• What this task involves: Exact reproductions of all the entries, please, and no pictures.

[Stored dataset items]
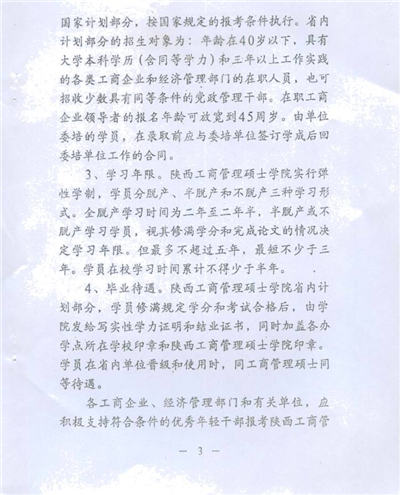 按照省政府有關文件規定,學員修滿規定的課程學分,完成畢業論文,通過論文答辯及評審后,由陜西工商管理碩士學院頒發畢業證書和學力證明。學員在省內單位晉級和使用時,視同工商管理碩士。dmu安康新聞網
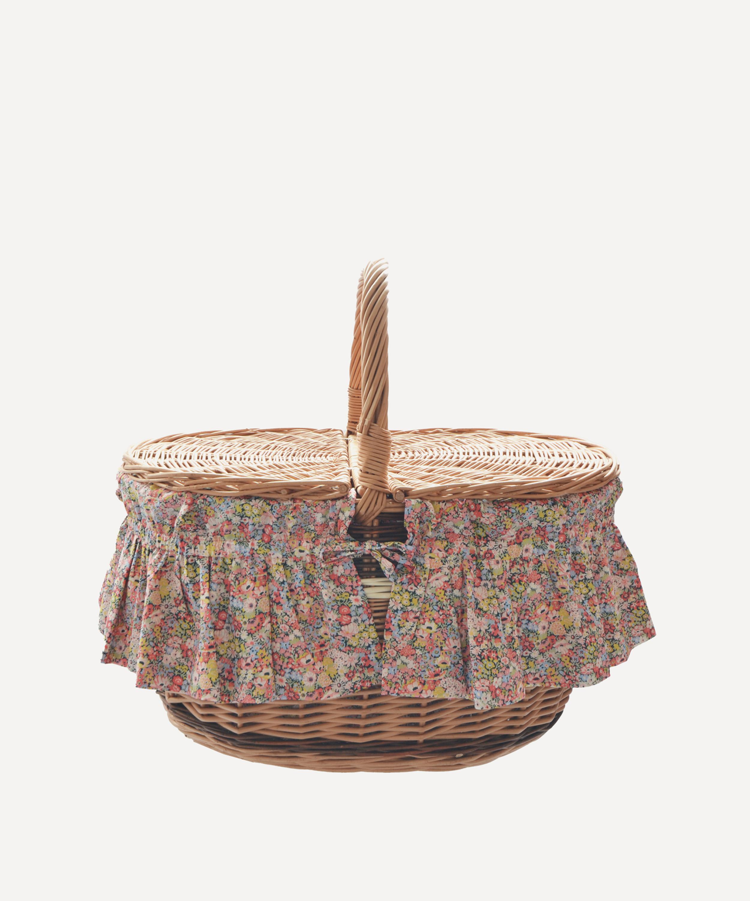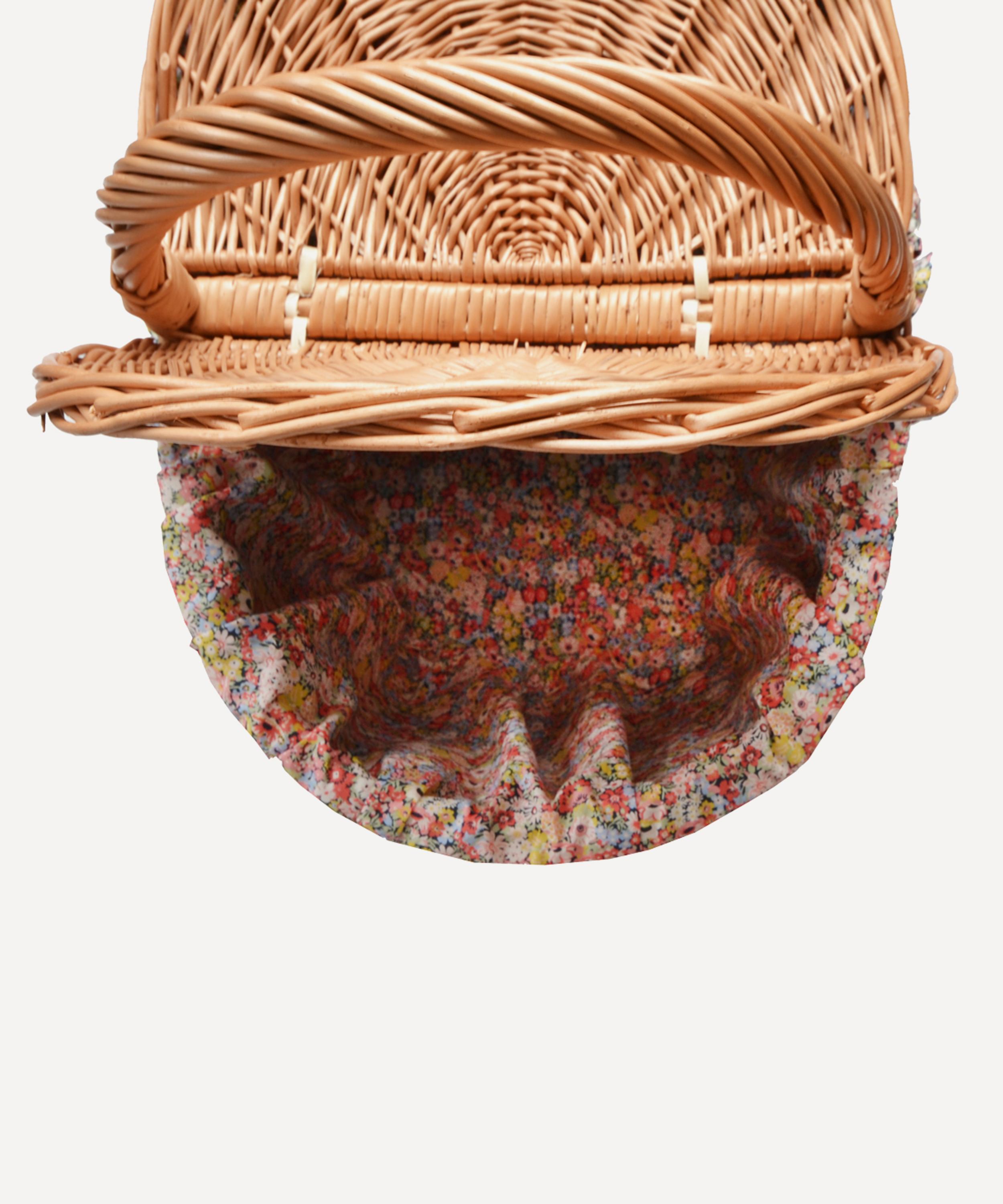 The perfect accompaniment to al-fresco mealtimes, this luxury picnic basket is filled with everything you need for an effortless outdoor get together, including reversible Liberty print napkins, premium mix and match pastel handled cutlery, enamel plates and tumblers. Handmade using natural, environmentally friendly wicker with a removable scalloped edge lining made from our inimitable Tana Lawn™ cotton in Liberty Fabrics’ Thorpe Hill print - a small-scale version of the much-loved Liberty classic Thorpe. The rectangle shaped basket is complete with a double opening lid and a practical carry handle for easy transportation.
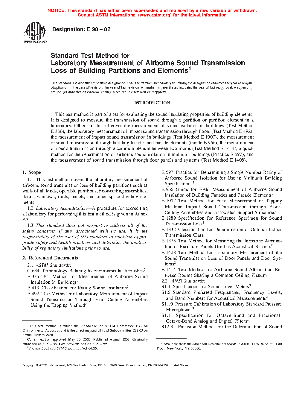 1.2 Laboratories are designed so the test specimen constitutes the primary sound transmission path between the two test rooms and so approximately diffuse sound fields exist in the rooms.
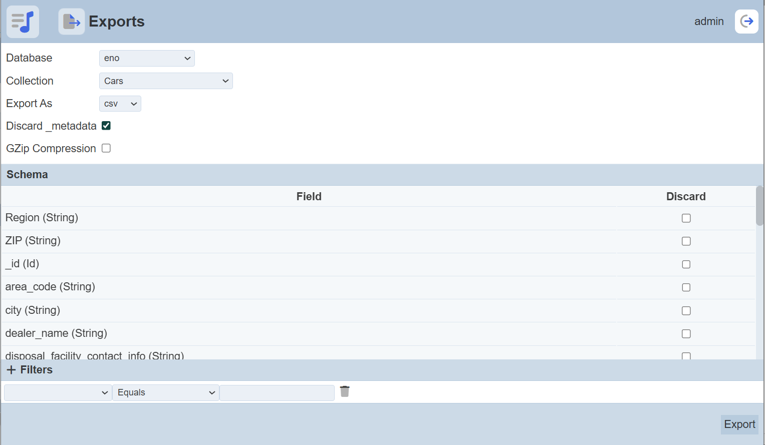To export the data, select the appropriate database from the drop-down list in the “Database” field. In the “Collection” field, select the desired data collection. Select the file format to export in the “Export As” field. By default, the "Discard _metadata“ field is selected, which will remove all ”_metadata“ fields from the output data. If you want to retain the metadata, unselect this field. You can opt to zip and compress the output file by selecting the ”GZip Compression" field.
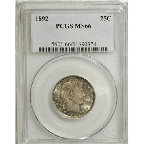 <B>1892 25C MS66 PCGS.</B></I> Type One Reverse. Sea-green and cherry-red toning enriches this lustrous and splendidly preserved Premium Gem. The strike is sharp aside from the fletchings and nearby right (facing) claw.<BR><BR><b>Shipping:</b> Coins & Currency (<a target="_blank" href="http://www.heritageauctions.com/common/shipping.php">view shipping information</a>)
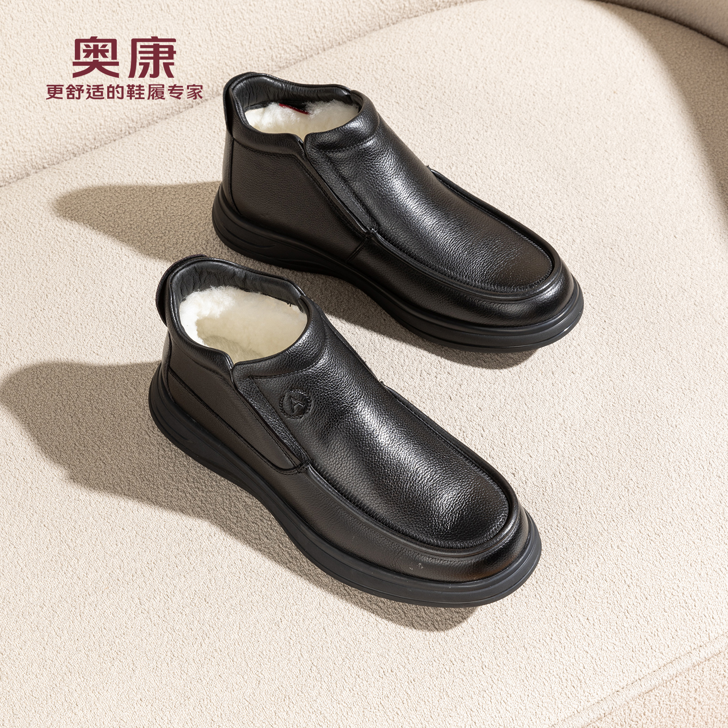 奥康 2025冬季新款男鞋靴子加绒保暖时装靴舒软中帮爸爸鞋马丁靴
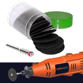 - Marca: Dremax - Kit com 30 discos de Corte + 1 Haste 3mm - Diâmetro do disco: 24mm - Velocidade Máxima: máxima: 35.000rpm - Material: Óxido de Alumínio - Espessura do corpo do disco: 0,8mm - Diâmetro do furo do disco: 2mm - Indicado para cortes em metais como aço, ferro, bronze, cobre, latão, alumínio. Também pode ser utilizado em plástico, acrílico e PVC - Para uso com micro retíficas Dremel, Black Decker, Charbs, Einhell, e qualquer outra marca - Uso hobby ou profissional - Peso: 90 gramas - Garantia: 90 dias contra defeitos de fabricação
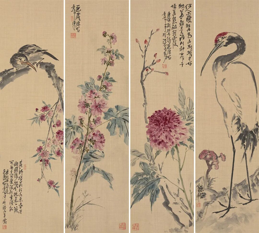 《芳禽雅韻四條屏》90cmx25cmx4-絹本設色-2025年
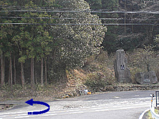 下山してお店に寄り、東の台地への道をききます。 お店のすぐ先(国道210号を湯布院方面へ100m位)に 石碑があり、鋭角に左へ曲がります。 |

• Response below:
 按照省政府有關文件規定,學員修滿規定的課程學分,完成畢業論文,通過論文答辯及評審后,由陜西工商管理碩士學院頒發畢業證書和學力證明。學員在省內單位晉級和使用時,視同工商管理碩士。dmu安康新聞網
 The perfect accompaniment to al-fresco mealtimes, this luxury picnic basket is filled with everything you need for an effortless outdoor get together, including reversible Liberty print napkins, premium mix and match pastel handled cutlery, enamel plates and tumblers. Handmade using natural, environmentally friendly wicker with a removable scalloped edge lining made from our inimitable Tana Lawn™ cotton in Liberty Fabrics’ Thorpe Hill print - a small-scale version of the much-loved Liberty classic Thorpe. The rectangle shaped basket is complete with a double opening lid and a practical carry handle for easy transportation.
 1.2 Laboratories are designed so the test specimen constitutes the primary sound transmission path between the two test rooms and so approximately diffuse sound fields exist in the rooms.
To export the data, select the appropriate database from the drop-down list in the “Database” field. In the “Collection” field, select the desired data collection. Select the file format to export in the “Export As” field. By default, the "Discard _metadata“ field is selected, which will remove all ”_metadata“ fields from the output data. If you want to retain the metadata, unselect this field. You can opt to zip and compress the output file by selecting the ”GZip Compression" field.
 <B>1892 25C MS66 PCGS.</B></I> Type One Reverse. Sea-green and cherry-red toning enriches this lustrous and splendidly preserved Premium Gem. The strike is sharp aside from the fletchings and nearby right (facing) claw.<BR><BR><b>Shipping:</b> Coins & Currency (<a target="_blank" href="http://www.heritageauctions.com/common/shipping.php">view shipping information</a>)
 奥康 2025冬季新款男鞋靴子加绒保暖时装靴舒软中帮爸爸鞋马丁靴
 - Marca: Dremax - Kit com 30 discos de Corte + 1 Haste 3mm - Diâmetro do disco: 24mm - Velocidade Máxima: máxima: 35.000rpm - Material: Óxido de Alumínio - Espessura do corpo do disco: 0,8mm - Diâmetro do furo do disco: 2mm - Indicado para cortes em metais como aço, ferro, bronze, cobre, latão, alumínio. Também pode ser utilizado em plástico, acrílico e PVC - Para uso com micro retíficas Dremel, Black Decker, Charbs, Einhell, e qualquer outra marca - Uso hobby ou profissional - Peso: 90 gramas - Garantia: 90 dias contra defeitos de fabricação
 《芳禽雅韻四條屏》90cmx25cmx4-絹本設色-2025年
 下山してお店に寄り、東の台地への道をききます。 お店のすぐ先(国道210号を湯布院方面へ100m位)に 石碑があり、鋭角に左へ曲がります。 |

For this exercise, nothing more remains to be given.